» **RECORDED DATA**

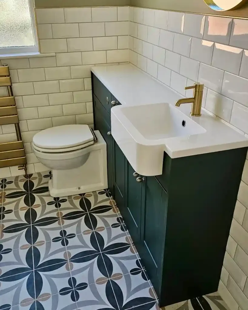 This retro-inspired tile design adds a playful and slightly nostalgic feel. The repeating shapes create movement across the floor while still keeping a balanced color palette. Paired with simple fixtures and compact furniture, it keeps the space feeling fresh rather than outdated. It’s a great way to bring personality into a small bathroom.
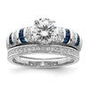 Sterling Silver Rhodium-plated Polished Blue & White CZ Engagement & Band R
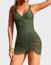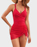 The ruched mesh panels and triangle cup bra lift and shape your bust, giving a sleek, slimming look for all body types.
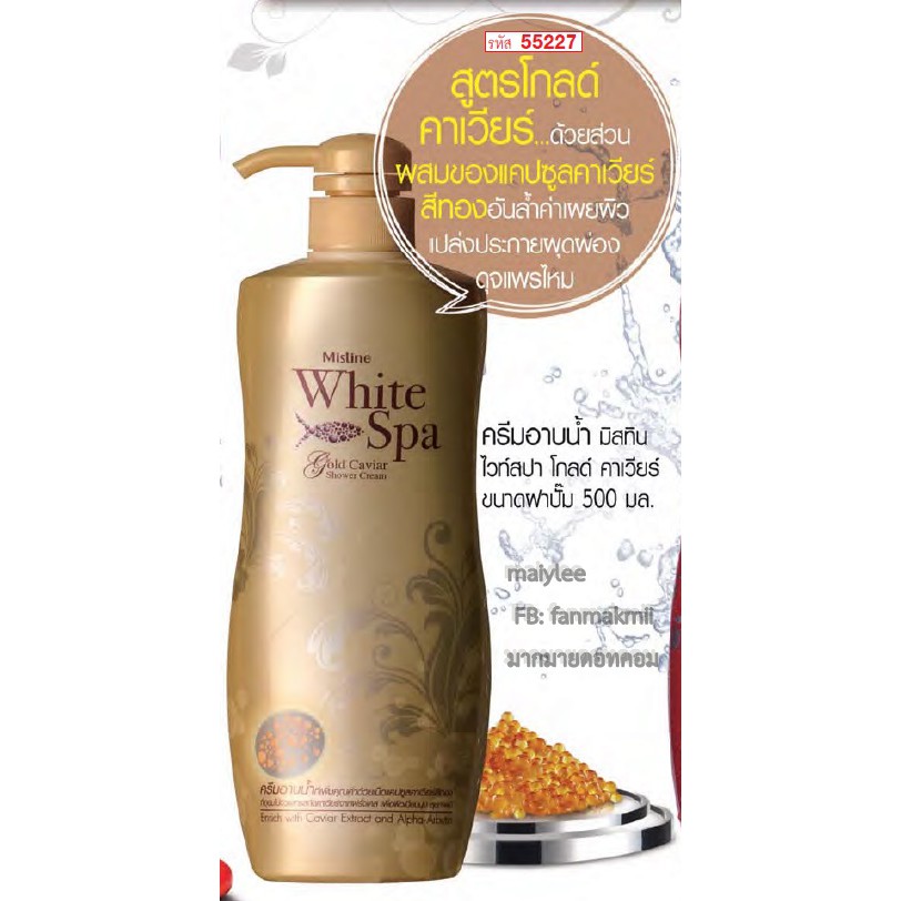 ครีมอาบน้ำ มิสทีน ไวท์สปา ไวท์ มัสค์. มิสทีน ไวท์สปา ซัมเมอร์ ยูวีทรี ไวท์เทนนิ่ง บอดี้ โลชั่น มิสทิน ซุปเปอร์ นาโน ไวท์เทนนิ่ง โลชั่น mistine super nano whitenning lotion • โลชั่นบำรุงผิว เพื่อผิวขาวทันที ดูแลผิวหมองคล้ำเป็นพิเศษ กลิ่นหอมมาก • หมดปัญหาผิว. มิสทีน ไวท์ สปา สูตรโกลด์ คาเวียร์ พบกับนวัตกรรมใหม่ของโลชั่นบำรุงผิวกายและผิวหน้า ให้สัมผัสแห่งความนุ่มลื่นดุจใยไหม อุดมด้วยคุณค่า. ราคา 109 บาท พิเศษราคาเปิดตัว ราคายกนิ้ว.

» **ASSIGNMENT**
Give back an exact copy of the material above, omitting the pictures.

» **EXERCISE RESPONSE**
 This retro-inspired tile design adds a playful and slightly nostalgic feel. The repeating shapes create movement across the floor while still keeping a balanced color palette. Paired with simple fixtures and compact furniture, it keeps the space feeling fresh rather than outdated. It’s a great way to bring personality into a small bathroom.
 Sterling Silver Rhodium-plated Polished Blue & White CZ Engagement & Band R
 The ruched mesh panels and triangle cup bra lift and shape your bust, giving a sleek, slimming look for all body types.
 ครีมอาบน้ำ มิสทีน ไวท์สปา ไวท์ มัสค์. มิสทีน ไวท์สปา ซัมเมอร์ ยูวีทรี ไวท์เทนนิ่ง บอดี้ โลชั่น มิสทิน ซุปเปอร์ นาโน ไวท์เทนนิ่ง โลชั่น mistine super nano whitenning lotion • โลชั่นบำรุงผิว เพื่อผิวขาวทันที ดูแลผิวหมองคล้ำเป็นพิเศษ กลิ่นหอมมาก • หมดปัญหาผิว. มิสทีน ไวท์ สปา สูตรโกลด์ คาเวียร์ พบกับนวัตกรรมใหม่ของโลชั่นบำรุงผิวกายและผิวหน้า ให้สัมผัสแห่งความนุ่มลื่นดุจใยไหม อุดมด้วยคุณค่า. ราคา 109 บาท พิเศษราคาเปิดตัว ราคายกนิ้ว.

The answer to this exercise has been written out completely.